▸ **Aim of the task**
Starting with the line that contains "一个用于一体式服装的Lora", copy every line through the end of the data below, exactly and with nothing added.

[Records provided]

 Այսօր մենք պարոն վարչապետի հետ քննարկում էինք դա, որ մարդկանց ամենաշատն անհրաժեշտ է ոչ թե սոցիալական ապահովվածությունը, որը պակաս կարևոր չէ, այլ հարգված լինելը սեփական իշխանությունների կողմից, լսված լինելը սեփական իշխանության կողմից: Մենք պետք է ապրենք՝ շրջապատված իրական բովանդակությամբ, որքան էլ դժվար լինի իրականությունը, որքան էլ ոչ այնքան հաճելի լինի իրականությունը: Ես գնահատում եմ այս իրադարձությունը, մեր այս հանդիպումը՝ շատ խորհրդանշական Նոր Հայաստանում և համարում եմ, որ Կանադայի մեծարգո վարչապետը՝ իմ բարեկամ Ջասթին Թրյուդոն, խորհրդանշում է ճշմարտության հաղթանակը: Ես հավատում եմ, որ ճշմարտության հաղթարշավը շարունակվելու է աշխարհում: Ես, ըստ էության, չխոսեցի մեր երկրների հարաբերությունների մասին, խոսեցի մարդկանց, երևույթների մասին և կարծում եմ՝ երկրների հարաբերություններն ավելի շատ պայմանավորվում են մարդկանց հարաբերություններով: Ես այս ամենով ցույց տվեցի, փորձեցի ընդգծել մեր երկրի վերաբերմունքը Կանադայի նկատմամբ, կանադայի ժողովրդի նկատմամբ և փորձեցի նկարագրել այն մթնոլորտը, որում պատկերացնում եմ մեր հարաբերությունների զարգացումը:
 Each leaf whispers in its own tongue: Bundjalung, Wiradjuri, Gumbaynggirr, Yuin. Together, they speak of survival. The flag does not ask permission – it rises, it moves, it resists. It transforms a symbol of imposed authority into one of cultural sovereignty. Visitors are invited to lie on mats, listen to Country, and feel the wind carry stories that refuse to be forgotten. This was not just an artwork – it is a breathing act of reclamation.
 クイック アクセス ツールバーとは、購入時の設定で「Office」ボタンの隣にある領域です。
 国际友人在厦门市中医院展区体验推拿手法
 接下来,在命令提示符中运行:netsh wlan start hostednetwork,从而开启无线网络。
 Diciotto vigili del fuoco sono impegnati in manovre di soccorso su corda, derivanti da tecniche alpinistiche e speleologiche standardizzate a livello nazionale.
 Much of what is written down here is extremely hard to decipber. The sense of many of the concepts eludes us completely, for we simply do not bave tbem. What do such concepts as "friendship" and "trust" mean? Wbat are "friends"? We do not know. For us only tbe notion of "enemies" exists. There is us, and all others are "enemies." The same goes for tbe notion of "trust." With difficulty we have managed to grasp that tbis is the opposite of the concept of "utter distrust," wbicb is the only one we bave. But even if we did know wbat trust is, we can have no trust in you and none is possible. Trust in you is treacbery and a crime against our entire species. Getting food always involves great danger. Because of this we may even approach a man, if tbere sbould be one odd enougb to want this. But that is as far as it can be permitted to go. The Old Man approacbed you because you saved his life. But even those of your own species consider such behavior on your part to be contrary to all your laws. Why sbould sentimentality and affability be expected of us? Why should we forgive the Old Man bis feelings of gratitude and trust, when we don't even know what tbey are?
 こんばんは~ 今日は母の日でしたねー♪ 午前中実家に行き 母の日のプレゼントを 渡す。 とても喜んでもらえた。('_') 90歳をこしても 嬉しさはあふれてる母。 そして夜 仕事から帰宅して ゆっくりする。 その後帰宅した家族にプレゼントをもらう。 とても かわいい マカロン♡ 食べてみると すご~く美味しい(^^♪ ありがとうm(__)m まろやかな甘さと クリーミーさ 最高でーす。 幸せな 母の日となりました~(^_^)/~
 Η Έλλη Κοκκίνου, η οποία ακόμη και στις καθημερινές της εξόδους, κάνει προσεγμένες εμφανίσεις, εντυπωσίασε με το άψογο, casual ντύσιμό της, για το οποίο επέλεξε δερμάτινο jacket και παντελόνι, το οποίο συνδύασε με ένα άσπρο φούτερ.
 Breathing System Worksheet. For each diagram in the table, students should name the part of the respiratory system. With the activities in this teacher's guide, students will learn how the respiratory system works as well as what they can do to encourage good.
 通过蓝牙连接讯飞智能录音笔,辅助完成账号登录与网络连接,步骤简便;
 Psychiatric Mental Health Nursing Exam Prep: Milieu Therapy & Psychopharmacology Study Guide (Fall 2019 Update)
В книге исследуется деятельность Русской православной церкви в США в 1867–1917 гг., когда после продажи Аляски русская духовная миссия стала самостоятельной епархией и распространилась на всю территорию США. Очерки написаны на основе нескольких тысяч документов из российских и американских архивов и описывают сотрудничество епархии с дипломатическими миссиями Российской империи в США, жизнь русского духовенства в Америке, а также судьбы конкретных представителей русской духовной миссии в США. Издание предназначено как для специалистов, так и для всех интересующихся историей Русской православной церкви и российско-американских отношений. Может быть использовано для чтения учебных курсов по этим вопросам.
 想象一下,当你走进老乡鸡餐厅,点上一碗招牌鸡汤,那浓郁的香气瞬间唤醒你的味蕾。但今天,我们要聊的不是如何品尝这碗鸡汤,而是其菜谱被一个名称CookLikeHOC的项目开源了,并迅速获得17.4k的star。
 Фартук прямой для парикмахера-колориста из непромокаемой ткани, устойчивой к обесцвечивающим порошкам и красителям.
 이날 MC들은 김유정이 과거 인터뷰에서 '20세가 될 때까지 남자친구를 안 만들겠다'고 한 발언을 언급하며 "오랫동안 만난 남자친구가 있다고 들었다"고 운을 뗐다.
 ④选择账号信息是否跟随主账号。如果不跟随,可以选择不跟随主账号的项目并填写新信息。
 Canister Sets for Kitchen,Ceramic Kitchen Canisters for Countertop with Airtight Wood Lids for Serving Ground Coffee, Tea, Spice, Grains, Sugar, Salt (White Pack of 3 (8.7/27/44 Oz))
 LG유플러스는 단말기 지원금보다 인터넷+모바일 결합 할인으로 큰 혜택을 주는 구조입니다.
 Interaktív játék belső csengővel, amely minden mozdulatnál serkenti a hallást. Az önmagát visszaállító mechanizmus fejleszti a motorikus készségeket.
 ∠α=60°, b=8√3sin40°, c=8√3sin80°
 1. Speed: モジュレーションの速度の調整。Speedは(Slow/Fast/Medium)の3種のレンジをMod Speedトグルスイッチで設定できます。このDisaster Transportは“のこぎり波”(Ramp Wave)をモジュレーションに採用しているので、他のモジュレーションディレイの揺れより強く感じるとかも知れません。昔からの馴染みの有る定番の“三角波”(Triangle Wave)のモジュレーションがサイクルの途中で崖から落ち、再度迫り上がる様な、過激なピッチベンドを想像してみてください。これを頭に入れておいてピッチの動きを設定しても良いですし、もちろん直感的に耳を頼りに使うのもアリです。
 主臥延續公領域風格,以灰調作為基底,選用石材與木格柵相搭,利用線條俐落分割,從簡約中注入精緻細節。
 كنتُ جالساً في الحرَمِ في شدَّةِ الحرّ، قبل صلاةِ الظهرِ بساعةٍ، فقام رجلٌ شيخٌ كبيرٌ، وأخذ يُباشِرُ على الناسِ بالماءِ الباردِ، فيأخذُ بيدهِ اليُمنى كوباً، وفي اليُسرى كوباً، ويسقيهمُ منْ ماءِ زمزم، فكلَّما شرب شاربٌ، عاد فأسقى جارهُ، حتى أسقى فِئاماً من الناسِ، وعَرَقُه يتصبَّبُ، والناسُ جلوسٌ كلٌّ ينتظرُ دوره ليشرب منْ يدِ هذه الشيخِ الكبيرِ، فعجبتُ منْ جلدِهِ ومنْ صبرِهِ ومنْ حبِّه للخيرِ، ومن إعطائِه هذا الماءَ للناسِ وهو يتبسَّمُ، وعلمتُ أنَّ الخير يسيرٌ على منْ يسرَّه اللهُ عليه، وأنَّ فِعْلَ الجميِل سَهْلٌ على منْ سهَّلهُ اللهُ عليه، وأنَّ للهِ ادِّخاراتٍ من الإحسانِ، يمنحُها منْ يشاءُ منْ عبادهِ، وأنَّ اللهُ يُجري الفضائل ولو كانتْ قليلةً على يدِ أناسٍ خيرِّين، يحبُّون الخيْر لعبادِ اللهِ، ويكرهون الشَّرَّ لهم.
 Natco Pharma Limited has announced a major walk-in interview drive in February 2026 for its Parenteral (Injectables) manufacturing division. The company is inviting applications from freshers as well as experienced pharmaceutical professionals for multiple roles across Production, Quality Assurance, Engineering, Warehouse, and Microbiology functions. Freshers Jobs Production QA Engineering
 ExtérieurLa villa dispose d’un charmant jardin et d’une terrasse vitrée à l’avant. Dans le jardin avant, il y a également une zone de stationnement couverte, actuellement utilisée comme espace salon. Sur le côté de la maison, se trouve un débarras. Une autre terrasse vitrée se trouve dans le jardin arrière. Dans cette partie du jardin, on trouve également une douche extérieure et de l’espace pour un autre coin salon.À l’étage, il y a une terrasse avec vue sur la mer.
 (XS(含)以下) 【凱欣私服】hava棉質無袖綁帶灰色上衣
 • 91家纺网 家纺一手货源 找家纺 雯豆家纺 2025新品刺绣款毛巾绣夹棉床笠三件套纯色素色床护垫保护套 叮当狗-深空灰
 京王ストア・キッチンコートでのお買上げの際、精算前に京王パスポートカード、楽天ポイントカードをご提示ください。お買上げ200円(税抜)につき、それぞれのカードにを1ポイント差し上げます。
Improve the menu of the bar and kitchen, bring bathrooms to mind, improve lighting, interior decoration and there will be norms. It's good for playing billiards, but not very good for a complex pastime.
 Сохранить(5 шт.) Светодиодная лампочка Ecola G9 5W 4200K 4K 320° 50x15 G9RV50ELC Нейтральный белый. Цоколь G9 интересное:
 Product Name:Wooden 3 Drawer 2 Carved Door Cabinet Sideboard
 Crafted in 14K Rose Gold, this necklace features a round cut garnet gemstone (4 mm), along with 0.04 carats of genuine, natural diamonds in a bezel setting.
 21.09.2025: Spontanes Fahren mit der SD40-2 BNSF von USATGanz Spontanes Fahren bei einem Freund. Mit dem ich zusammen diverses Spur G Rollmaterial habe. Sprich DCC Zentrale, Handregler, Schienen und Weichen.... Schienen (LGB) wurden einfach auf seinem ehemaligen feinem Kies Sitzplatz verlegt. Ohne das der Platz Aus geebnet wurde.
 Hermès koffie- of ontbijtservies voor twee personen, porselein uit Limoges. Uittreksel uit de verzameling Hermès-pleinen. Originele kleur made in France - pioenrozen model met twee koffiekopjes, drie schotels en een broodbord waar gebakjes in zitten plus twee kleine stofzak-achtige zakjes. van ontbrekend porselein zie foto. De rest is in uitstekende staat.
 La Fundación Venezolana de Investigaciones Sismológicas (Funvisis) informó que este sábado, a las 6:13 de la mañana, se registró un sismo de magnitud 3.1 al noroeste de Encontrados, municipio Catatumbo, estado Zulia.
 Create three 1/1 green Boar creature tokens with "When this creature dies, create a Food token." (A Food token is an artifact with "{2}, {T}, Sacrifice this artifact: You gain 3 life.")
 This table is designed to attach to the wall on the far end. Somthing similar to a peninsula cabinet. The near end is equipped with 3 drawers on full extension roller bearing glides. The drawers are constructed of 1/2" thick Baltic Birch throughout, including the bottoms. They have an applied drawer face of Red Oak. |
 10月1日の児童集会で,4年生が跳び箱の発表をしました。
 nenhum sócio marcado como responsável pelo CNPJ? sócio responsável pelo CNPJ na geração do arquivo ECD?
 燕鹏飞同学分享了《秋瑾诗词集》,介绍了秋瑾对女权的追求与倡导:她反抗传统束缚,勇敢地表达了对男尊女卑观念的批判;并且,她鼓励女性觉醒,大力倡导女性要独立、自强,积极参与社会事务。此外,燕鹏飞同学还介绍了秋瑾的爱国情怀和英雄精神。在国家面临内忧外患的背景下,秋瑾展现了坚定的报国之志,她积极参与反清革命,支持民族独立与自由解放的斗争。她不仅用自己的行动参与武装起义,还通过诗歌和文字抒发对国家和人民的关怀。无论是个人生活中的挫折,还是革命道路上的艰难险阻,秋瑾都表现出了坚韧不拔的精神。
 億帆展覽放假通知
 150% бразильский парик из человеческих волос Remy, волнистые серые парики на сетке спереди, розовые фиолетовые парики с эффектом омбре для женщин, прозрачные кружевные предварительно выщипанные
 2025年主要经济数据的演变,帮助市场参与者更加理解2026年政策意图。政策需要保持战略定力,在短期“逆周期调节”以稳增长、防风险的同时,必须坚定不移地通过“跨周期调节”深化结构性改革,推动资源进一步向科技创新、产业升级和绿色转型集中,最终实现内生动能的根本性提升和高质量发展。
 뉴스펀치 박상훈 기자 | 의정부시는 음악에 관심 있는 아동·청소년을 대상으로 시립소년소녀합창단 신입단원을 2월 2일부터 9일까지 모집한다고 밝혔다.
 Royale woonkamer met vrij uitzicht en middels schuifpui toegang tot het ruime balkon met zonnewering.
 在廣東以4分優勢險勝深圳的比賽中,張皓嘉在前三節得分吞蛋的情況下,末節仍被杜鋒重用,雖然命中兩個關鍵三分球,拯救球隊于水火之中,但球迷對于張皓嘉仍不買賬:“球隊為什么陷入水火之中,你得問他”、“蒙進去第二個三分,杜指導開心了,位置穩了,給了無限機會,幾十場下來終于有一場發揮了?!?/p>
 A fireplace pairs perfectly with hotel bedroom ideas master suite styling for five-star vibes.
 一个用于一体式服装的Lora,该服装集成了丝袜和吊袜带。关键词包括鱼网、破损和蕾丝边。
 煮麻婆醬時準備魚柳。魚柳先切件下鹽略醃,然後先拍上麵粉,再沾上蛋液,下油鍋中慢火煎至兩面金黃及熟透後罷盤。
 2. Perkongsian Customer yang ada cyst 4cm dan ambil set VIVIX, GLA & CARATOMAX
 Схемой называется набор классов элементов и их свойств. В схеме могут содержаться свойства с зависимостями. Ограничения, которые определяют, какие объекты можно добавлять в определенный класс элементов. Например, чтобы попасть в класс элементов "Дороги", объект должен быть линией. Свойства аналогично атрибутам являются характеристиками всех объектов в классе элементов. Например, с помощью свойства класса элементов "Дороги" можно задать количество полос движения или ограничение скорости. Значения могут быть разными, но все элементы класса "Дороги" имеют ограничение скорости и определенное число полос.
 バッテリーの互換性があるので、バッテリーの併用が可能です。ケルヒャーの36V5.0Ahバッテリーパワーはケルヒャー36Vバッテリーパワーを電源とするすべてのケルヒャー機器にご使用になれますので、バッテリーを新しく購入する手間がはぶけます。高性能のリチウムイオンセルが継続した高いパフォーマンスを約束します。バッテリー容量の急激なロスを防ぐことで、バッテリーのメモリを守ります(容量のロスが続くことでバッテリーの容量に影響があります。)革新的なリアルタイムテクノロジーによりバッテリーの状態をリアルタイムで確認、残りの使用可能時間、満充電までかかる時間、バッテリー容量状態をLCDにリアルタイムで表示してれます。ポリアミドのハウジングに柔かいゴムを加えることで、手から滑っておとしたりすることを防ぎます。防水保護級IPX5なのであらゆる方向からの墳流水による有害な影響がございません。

[/Records provided]

▸ **Response to the task**
 一个用于一体式服装的Lora,该服装集成了丝袜和吊袜带。关键词包括鱼网、破损和蕾丝边。
 煮麻婆醬時準備魚柳。魚柳先切件下鹽略醃,然後先拍上麵粉,再沾上蛋液,下油鍋中慢火煎至兩面金黃及熟透後罷盤。
 2. Perkongsian Customer yang ada cyst 4cm dan ambil set VIVIX, GLA & CARATOMAX
 Схемой называется набор классов элементов и их свойств. В схеме могут содержаться свойства с зависимостями. Ограничения, которые определяют, какие объекты можно добавлять в определенный класс элементов. Например, чтобы попасть в класс элементов "Дороги", объект должен быть линией. Свойства аналогично атрибутам являются характеристиками всех объектов в классе элементов. Например, с помощью свойства класса элементов "Дороги" можно задать количество полос движения или ограничение скорости. Значения могут быть разными, но все элементы класса "Дороги" имеют ограничение скорости и определенное число полос.
 バッテリーの互換性があるので、バッテリーの併用が可能です。ケルヒャーの36V5.0Ahバッテリーパワーはケルヒャー36Vバッテリーパワーを電源とするすべてのケルヒャー機器にご使用になれますので、バッテリーを新しく購入する手間がはぶけます。高性能のリチウムイオンセルが継続した高いパフォーマンスを約束します。バッテリー容量の急激なロスを防ぐことで、バッテリーのメモリを守ります(容量のロスが続くことでバッテリーの容量に影響があります。)革新的なリアルタイムテクノロジーによりバッテリーの状態をリアルタイムで確認、残りの使用可能時間、満充電までかかる時間、バッテリー容量状態をLCDにリアルタイムで表示してれます。ポリアミドのハウジングに柔かいゴムを加えることで、手から滑っておとしたりすることを防ぎます。防水保護級IPX5なのであらゆる方向からの墳流水による有害な影響がございません。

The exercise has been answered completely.